## Task material
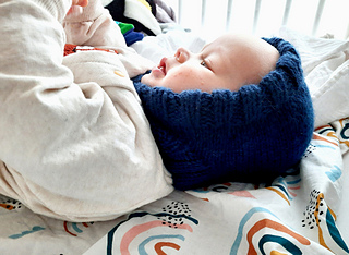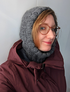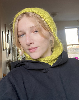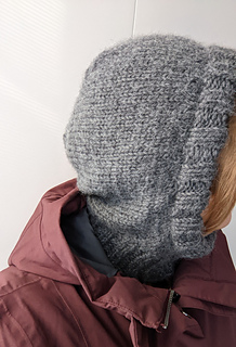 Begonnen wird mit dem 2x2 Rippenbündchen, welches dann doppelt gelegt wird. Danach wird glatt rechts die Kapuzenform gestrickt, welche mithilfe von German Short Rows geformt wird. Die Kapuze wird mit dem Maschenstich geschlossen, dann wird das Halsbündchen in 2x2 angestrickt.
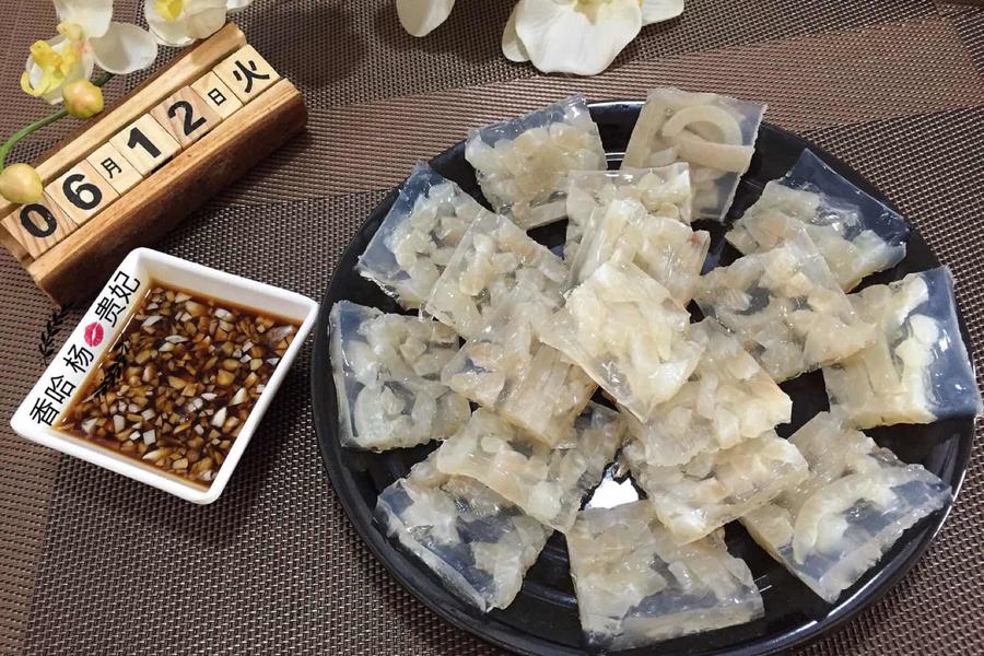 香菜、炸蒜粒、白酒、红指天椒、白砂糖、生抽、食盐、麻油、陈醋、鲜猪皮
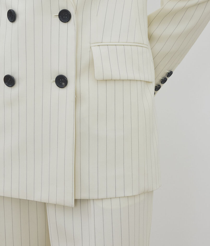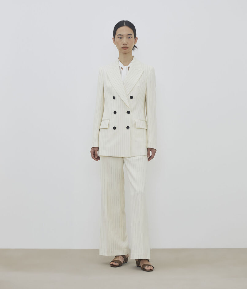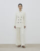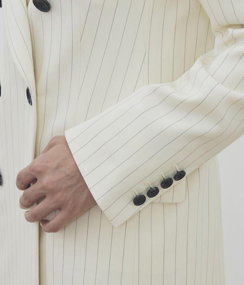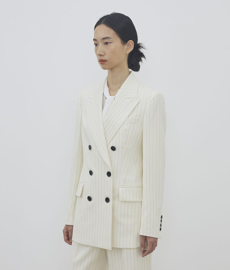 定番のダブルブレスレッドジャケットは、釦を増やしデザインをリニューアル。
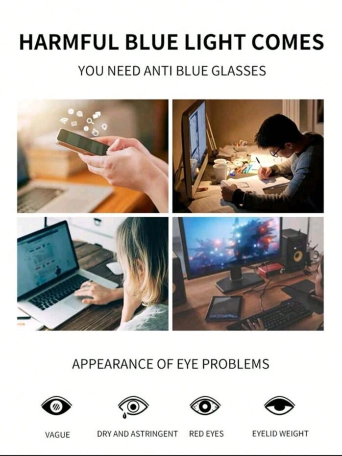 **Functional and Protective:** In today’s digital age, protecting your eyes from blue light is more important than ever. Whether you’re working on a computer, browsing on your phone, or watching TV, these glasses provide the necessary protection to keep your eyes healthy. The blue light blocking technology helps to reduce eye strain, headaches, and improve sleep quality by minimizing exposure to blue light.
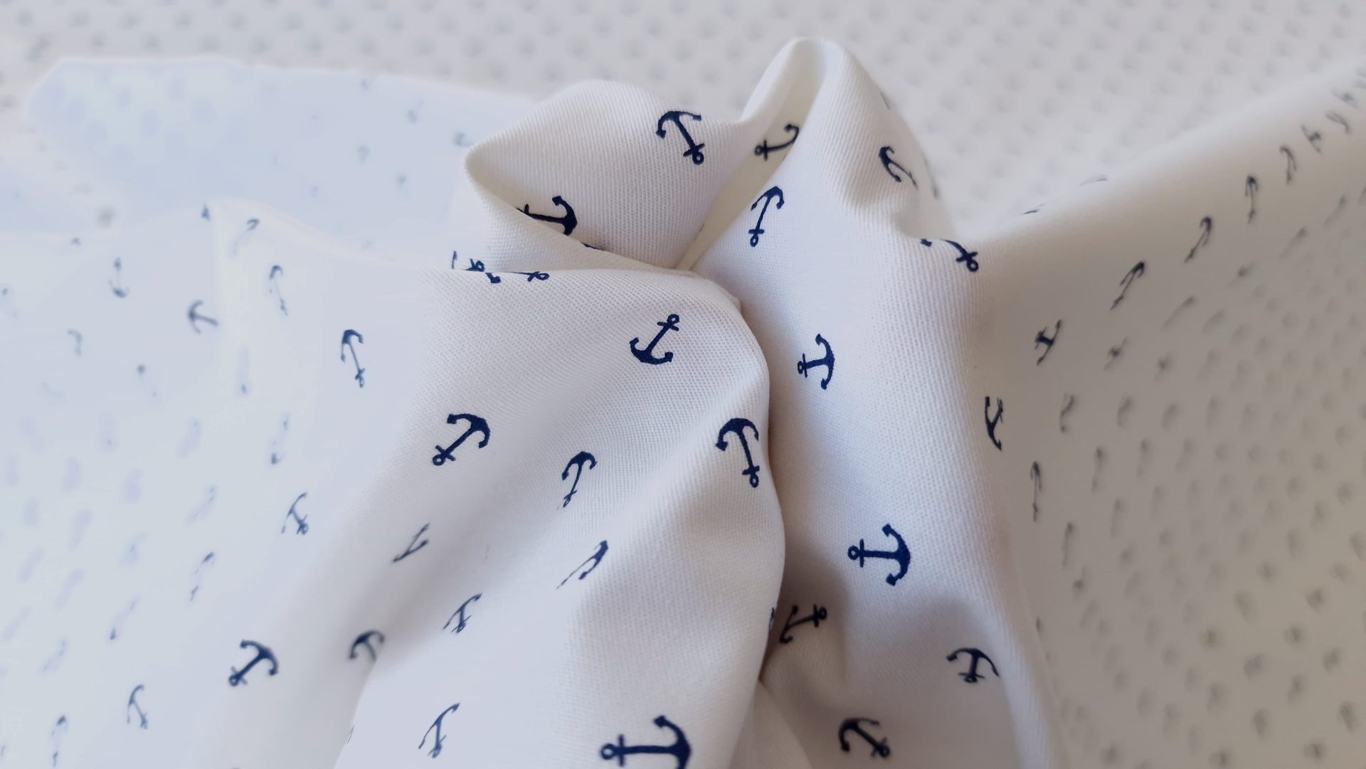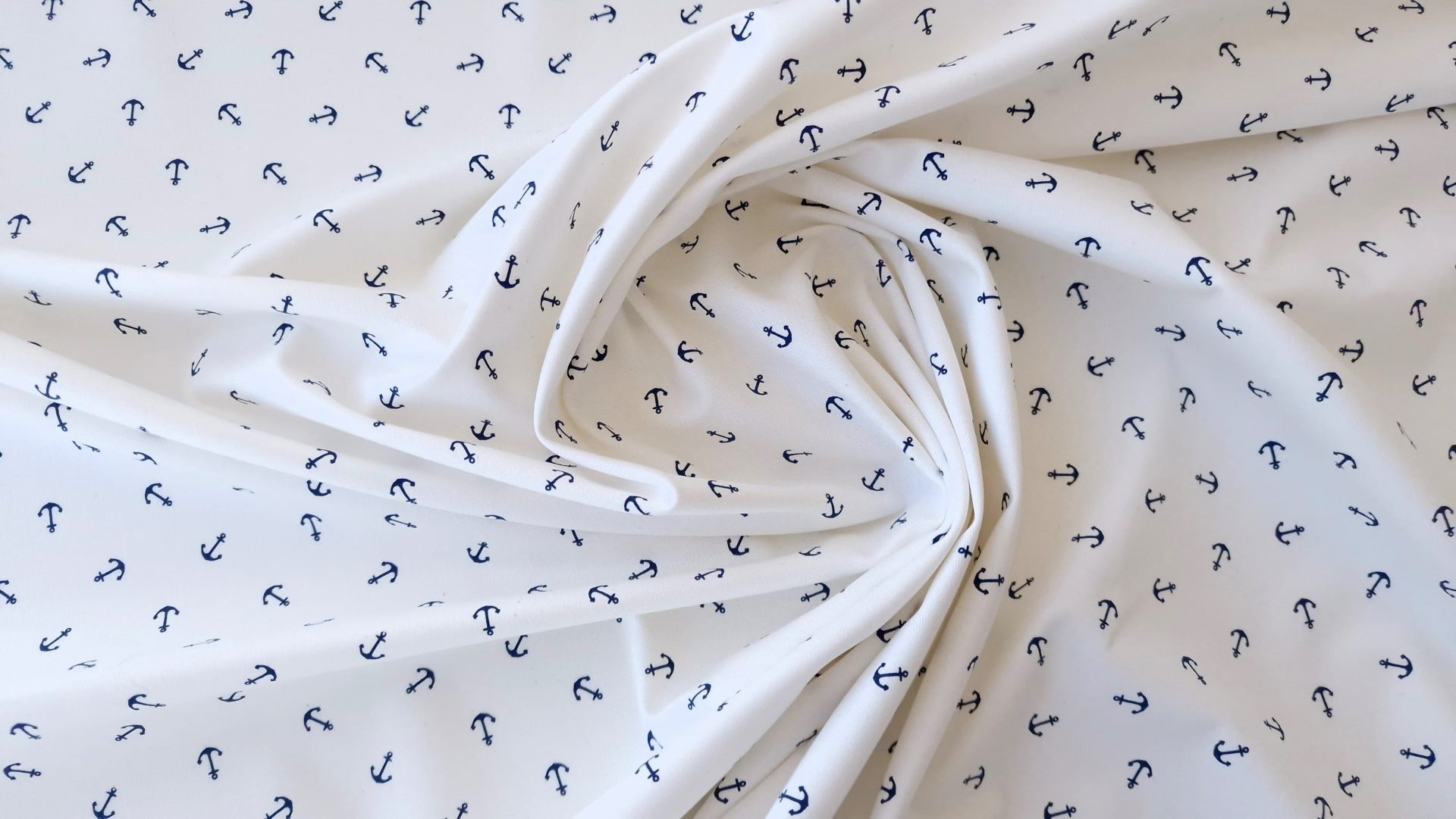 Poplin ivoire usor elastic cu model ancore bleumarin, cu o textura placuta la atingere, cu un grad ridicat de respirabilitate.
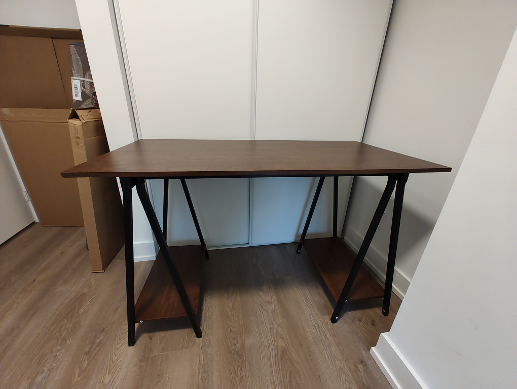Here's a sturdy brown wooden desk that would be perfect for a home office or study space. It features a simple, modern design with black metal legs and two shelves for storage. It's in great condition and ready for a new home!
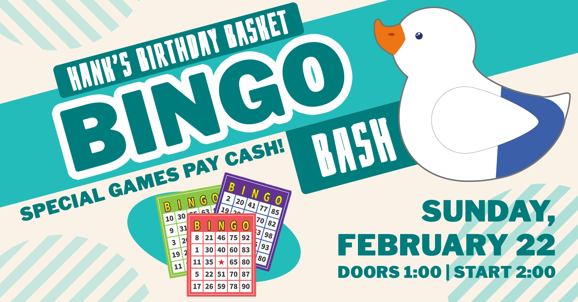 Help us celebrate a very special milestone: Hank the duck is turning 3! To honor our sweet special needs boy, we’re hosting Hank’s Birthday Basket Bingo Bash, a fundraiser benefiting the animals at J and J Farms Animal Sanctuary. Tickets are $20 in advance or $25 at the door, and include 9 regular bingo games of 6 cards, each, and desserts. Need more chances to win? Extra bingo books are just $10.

## Work required
Apart from the pictures, the entries above are to be repeated in full and exactly.

## Task answer
 Begonnen wird mit dem 2x2 Rippenbündchen, welches dann doppelt gelegt wird. Danach wird glatt rechts die Kapuzenform gestrickt, welche mithilfe von German Short Rows geformt wird. Die Kapuze wird mit dem Maschenstich geschlossen, dann wird das Halsbündchen in 2x2 angestrickt.
 香菜、炸蒜粒、白酒、红指天椒、白砂糖、生抽、食盐、麻油、陈醋、鲜猪皮
 定番のダブルブレスレッドジャケットは、釦を増やしデザインをリニューアル。
 **Functional and Protective:** In today’s digital age, protecting your eyes from blue light is more important than ever. Whether you’re working on a computer, browsing on your phone, or watching TV, these glasses provide the necessary protection to keep your eyes healthy. The blue light blocking technology helps to reduce eye strain, headaches, and improve sleep quality by minimizing exposure to blue light.
 Poplin ivoire usor elastic cu model ancore bleumarin, cu o textura placuta la atingere, cu un grad ridicat de respirabilitate.
Here's a sturdy brown wooden desk that would be perfect for a home office or study space. It features a simple, modern design with black metal legs and two shelves for storage. It's in great condition and ready for a new home!
 Help us celebrate a very special milestone: Hank the duck is turning 3! To honor our sweet special needs boy, we’re hosting Hank’s Birthday Basket Bingo Bash, a fundraiser benefiting the animals at J and J Farms Animal Sanctuary. Tickets are $20 in advance or $25 at the door, and include 9 regular bingo games of 6 cards, each, and desserts. Need more chances to win? Extra bingo books are just $10.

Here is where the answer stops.